- Nerse Location in Karnataka, India Nerse Nerse (India)
- Coordinates: 15°36′00″N 74°25′43″E﻿ / ﻿15.5999°N 74.4285°E
- Country: India
- State: Karnataka

Languages
- • Official: Kannada
- Time zone: UTC+5:30 (IST)

= Nerse =

Nerse, also known as Nersa, is a village located in Khanapur Taluk of Belagavi District, Karnataka, India. It is also the headquarters for Nerse Gram Panchayat. The distance from Belagavi is about 40 km and from Bengaluru is 500 km. It is situated under the Western Ghats, on the boundary of Karnataka and Goa.

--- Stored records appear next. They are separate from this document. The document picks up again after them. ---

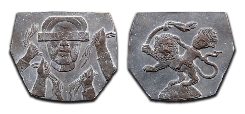 The silhouette portrait of explorer Alexander von Humboldt (1769-1859) has been combined with significant symbols of his work. (Fig. 8) The grid, which is reminiscent of a chemical formula, initially surprises the viewer. It evokes Humboldt’s many interests, referring, in several languages, to his research, the diversity of culture, the diversity of language, right up to the globally connected way of thinking in the digital age; everything is interrelated. The structure in the upper field is a schematic representation of the Chimborazo volcano in Ecuador. Humboldt wanted to climb its almost 6,300 metres but was forced to abort the expedition. Theumer has skilfully linked the compositional elements of image and inscription, harmonising the front and back.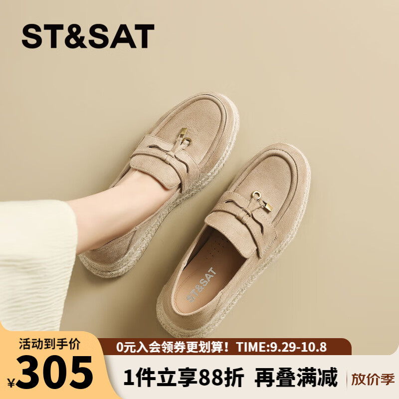 星期六(St&Sat)轻奢复古百搭乐福鞋编织鞋底一脚蹬袋鼠鞋单鞋女鞋子JXSSD3111WLF 杏色 39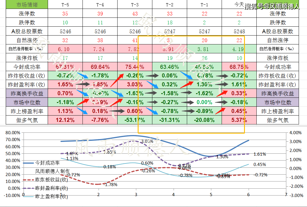 4、短线周期分析:从追板成功率看,今天的成功率低,从个股方面看,炸板收益率正常,封板收益率正常偏低,高换手收益率正常,上榜收益率正常,图形横向发散有两交点,代表观点弱分歧,强势龙头股短线或走弱。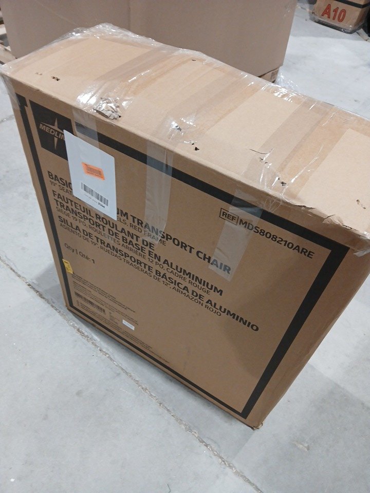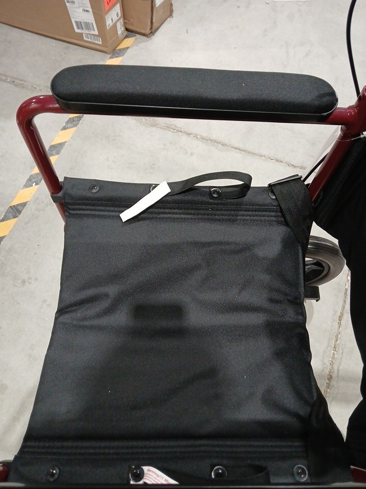 MEDLINE BASIC ALUMINUM TRANSPORT WHEELCHAIR - 19" - 12" REAR WHEELS WITH BRAKES - 300lbs capacity - RED (MODEL: MDS808210ARE)

It is a part of the proposed Bhimgarh Sanctuary and is a heavily forested area. Apart from resident birds, it is also home to many migratory species such as the Ceylon frogmouth and the paradise flycatcher. The forest of Nerse is also home to bats in the Talvedi region and the Krishnapur area of Mahadai Valley. There are more than 40 species of bats in Nerse. Close to Nerse is the Dandeli Wildlife Sanctuary which has a herd of elephants.

Summer temperatures range from 23 °C to 35 °C, while winter temperatures range from 13 °C to 20 °C.